NumSharp itself is not the fastest it can be. Any library that utilizes the performance of a low-level languages will be faster than our unmanaged algorithms.

Aug 01 '19 20:08 Nucs

@Nucs you are right! Lazy Loading adds some stacks operations because its a kind of managing expression pattern. Managing code have advantage for simplifying coding and maintenance, but with loss of speed and performance. Its a tradeoff.

Aug 01 '19 20:08 aidevnn

@Nucs The idea behind the lazy loading is to introduce step by step some symbolic neural network algorithms with the numerical algorithms. For beginning, a precompilation (or may be caching) of all requirement like shape / strides / slices can be done without recreating them each time and its my first objectif. I will let you being informed on my progress

Aug 02 '19 19:08 aidevnn

I forget to comment an important thing about some counters.

var a = ND.Uniform<double>(1, 10, 4, 4); // Counters. DataAccess:16 / MethCall:16
var b = 3 * ND.Sq(a - 1) - 4; // Counters. DataAccess:16 / MethCall:80
var c = 3 * ND.Sq(a - 1) - 4 * ND.Sqrt(a + 5); // Counters. DataAccess:32 / MethCall:144

In the above expression, my actual code and symbolic approch reduce rawdata access only to one time for expression b. Also in a more complexe expression, the lazy loading reduce the data access to the minimum effort for expression c. But i am trying to solve some performances problems.
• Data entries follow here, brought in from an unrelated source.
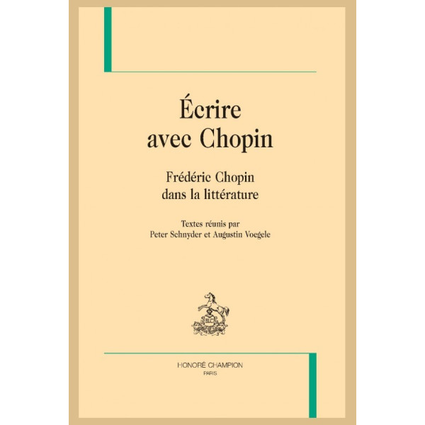 Le présent ouvrage se focalise sur ce que la littérature a pu faire de la personnalité de Frédéric Chopin et de sa musique. Du Chopin de George Sand et d’Eugène Delacroix à celui des auteurs de littérature populaire contemporains (parmi lesquels Frédéric Dard) en passant, entre autres, par le Chopin du librettiste Angiolo Orvieto, par celui des poètes russes de l’âge d’argent, ou encore par celui de musicologues comme Alfred James Hipkins ou Thérèse Marix-Spire, ce volume tente de montrer combien le monde des lettres éclaire le monde des sons, et comment l’écriture dialogue avec la musique de Chopin, l’une enrichissant l’autre.
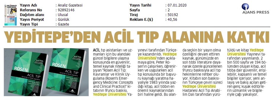 Kitabın son baskısının Türkçeye çeviri süreci Yeditepe Üniversitesi Hastanesi Acil Tıp Anabilim Dalı tarafından yürütüldü ve kitap Yeditepe Üniversitesi Yayınevi tarafından yayımlandı. 2.500 sayfa ve 194 bölümden oluşan kitap, acil tıbba dair güvenilir, erişilebilir, kapsamlı ve temel bilgiler içeriyor; yeni anlayış ve bakış açıları getiren genç kuşak editörlerin uzmanlık ve bilgileriyle çağı yakalıyor.
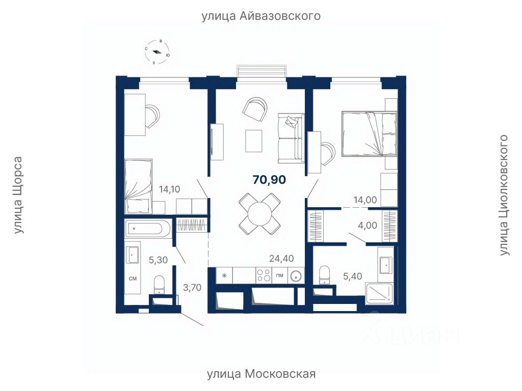 Комплекс находится в квартале улиц Московская — Щорса — Айвазовского — Циолковского.

We can say that a lazy loading pattern can improve the performance in theory but it introduces some other execution stack problems. I will continue to search how to take advantage of it.

Aug 03 '19 02:08 aidevnn

I discovered in this article https://techdecoded.intel.io/resources/parallelism-in-python-directing-vectorization-with-numexpr/#gs.63gvwl

Numexpr : it is very usefull and it already use lazy-loading and a lot of symbolics optimisations to enhance performance.

Sep 25 '19 17:09 aidevnn